If you want to create a precise visualisation, but also give it a handmade feel, take inspiration from Tukey and use tracing paper to trace a computer-generated graphic. This can also be useful when you want to draw something which might be beyond your artistic skills (say, an outline of the United States).
Throughout this piece, I have been using the terms hand-drawn and handmade interchangeably. It is likely that you want a two-dimensional product of your visualisation if you will be sharing it electronically, but if you have the flexibility for something three-dimensional, try adding in more of the craft supplies I mentioned above.
At SRCCON, participants played with the dimensionality of Minneapolis' lakes, creating 3D visualisations out of paper and wire.
No matter how you decide to work, the practice of hand-visualising can bring you closer to your data. In Numbers in the Newsroom, Sarah Cohen suggests you should "memorize some common numbers on your beat”.
What better way to familiarise yourself with those numbers than physically mapping them on paper? This is also a great pedagogical practice, because when students begin visualising data they can get caught up in the technical details of a computer tool, without grasping the underlying connection between data and visual. Removing the computer makes it more concrete.
Of course, I'm not the only one who thinks this.
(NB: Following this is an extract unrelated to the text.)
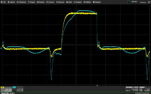 | The HVFO (yellow trace) and a conventional HV differential probe (blue trace) capture an upper-side gate drive signal. The HVFO exhibits a classic, textbook shape while the HV differential probe has more loading and lower-side device high dV/dt signal interference. |

Stefanie Posavec, of Dear Data leads workshops on handmade visualisations, and the companion book Observe, Collect, Draw! is a guide to help you do just that.
I have also drawn inspiration from Jose Duarte, whose Handmade dataviz kit provides a good starter pack of materials to jumpstart your creation process. Duarte's work is again physical and playful, and he encourages everyone to try it for themselves.
Whatever you do, I believe bringing handmade data visualisation into your practice can lead to more whimsy and fun in your life. Even if your hand-drawn visualisations never make it to print, they can help you think creatively about what you produce digitally. And, in the right context, a handmade visualisation could make your data more accessible to a broad audience.